_TASK INPUTS:_
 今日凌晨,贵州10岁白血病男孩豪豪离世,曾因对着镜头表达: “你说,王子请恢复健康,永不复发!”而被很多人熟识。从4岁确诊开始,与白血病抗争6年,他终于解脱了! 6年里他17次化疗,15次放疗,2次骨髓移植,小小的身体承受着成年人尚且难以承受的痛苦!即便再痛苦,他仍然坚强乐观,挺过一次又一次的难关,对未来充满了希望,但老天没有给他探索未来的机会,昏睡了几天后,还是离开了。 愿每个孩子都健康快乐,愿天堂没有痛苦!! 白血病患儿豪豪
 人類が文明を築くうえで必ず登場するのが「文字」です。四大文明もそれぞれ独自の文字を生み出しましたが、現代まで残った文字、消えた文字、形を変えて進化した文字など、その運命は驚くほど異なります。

==

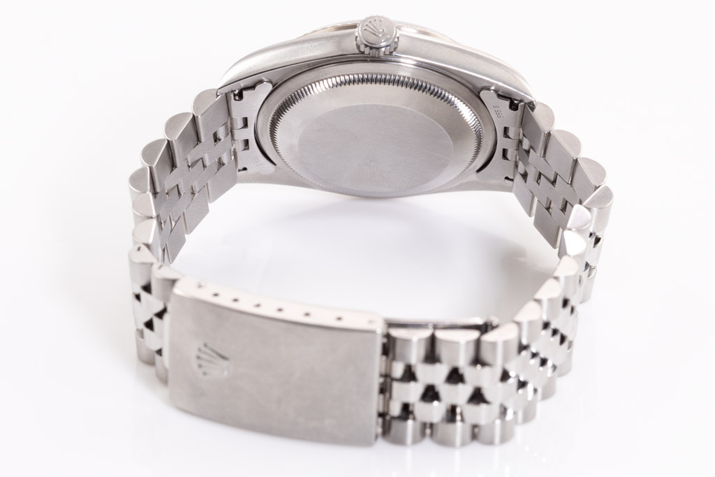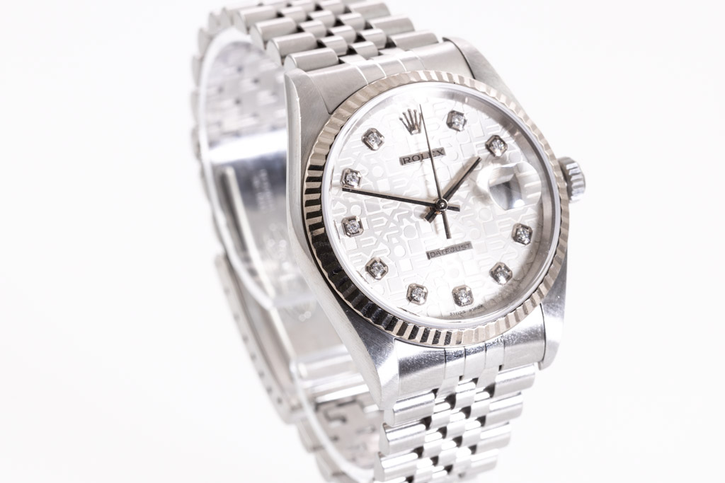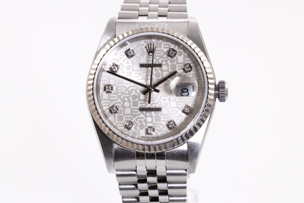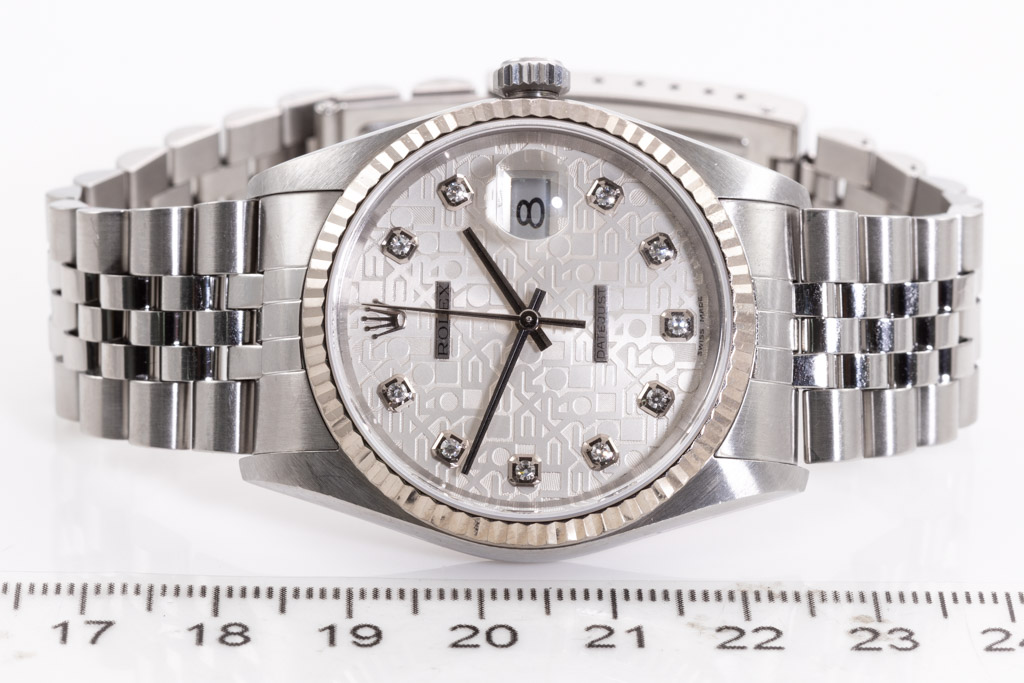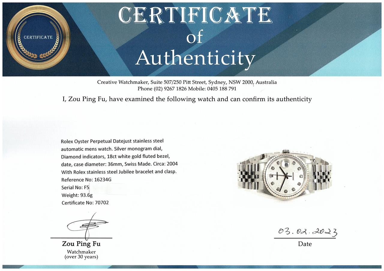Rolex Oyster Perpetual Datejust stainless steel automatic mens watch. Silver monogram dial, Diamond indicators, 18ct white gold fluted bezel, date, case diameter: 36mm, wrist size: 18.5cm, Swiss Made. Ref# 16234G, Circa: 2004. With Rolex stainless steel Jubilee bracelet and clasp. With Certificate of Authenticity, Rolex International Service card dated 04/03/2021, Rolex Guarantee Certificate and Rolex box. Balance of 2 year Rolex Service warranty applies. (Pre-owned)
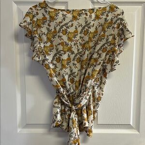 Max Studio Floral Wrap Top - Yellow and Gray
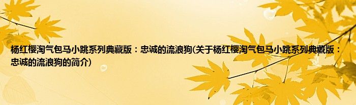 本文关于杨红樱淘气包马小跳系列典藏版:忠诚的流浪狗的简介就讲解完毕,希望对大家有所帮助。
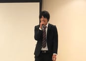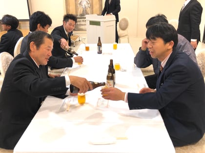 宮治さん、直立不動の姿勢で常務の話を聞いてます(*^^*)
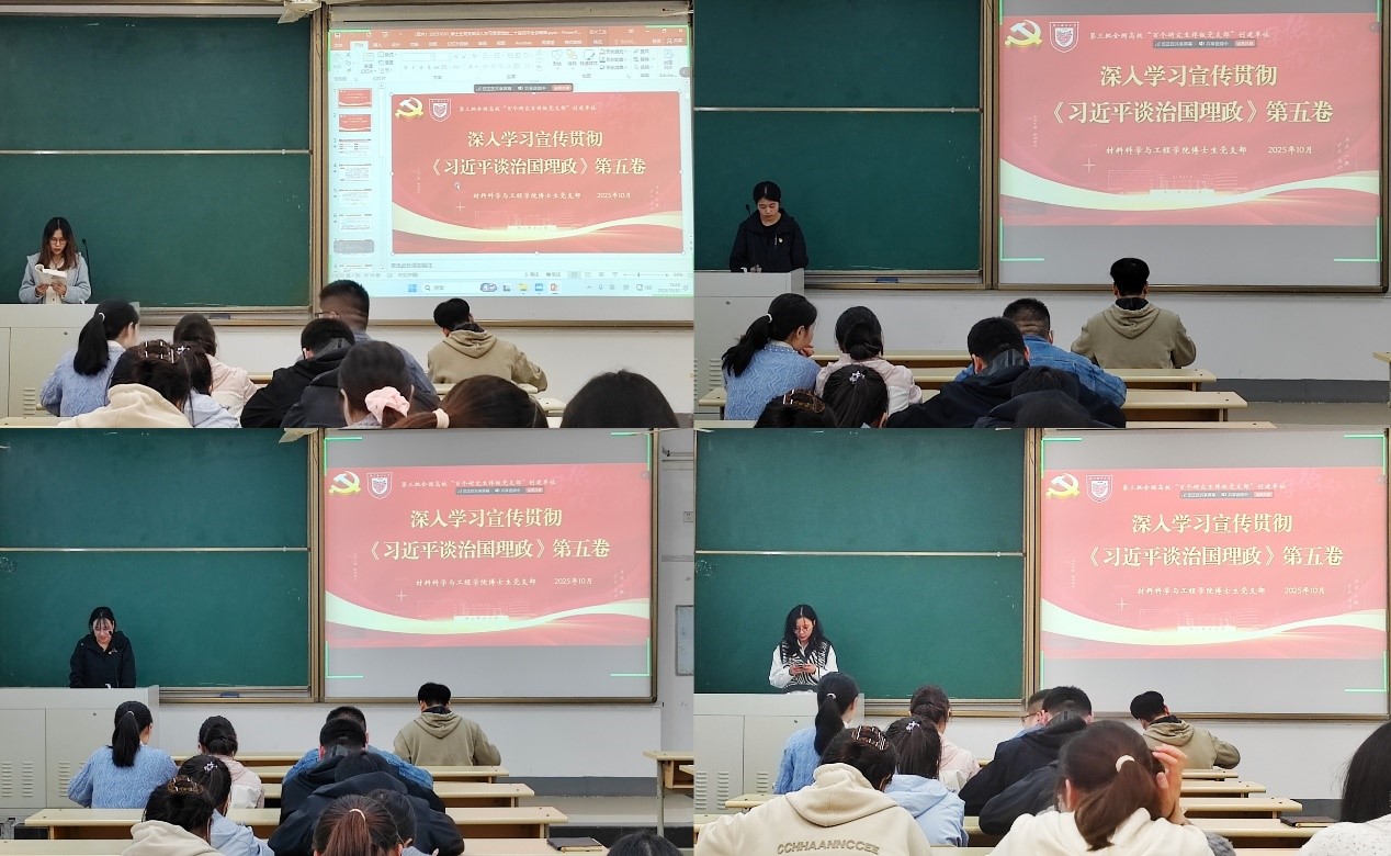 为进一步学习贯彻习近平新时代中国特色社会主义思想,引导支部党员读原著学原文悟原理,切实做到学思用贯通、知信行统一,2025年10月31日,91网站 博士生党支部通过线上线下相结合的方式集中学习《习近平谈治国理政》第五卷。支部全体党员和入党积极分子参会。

_WHAT THE TASK ASKS:_ In the listing above, find the line containing "Max Studio Floral Wrap Top - Yellow and Gray". Output it and every line after it up to and including the line containing "为进一步学习贯彻习近平新时代", exactly, but skip the pictures.

_RESULT:_
 Max Studio Floral Wrap Top - Yellow and Gray
 本文关于杨红樱淘气包马小跳系列典藏版:忠诚的流浪狗的简介就讲解完毕,希望对大家有所帮助。
 宮治さん、直立不動の姿勢で常務の話を聞いてます(*^^*)
 为进一步学习贯彻习近平新时代中国特色社会主义思想,引导支部党员读原著学原文悟原理,切实做到学思用贯通、知信行统一,2025年10月31日,91网站 博士生党支部通过线上线下相结合的方式集中学习《习近平谈治国理政》第五卷。支部全体党员和入党积极分子参会。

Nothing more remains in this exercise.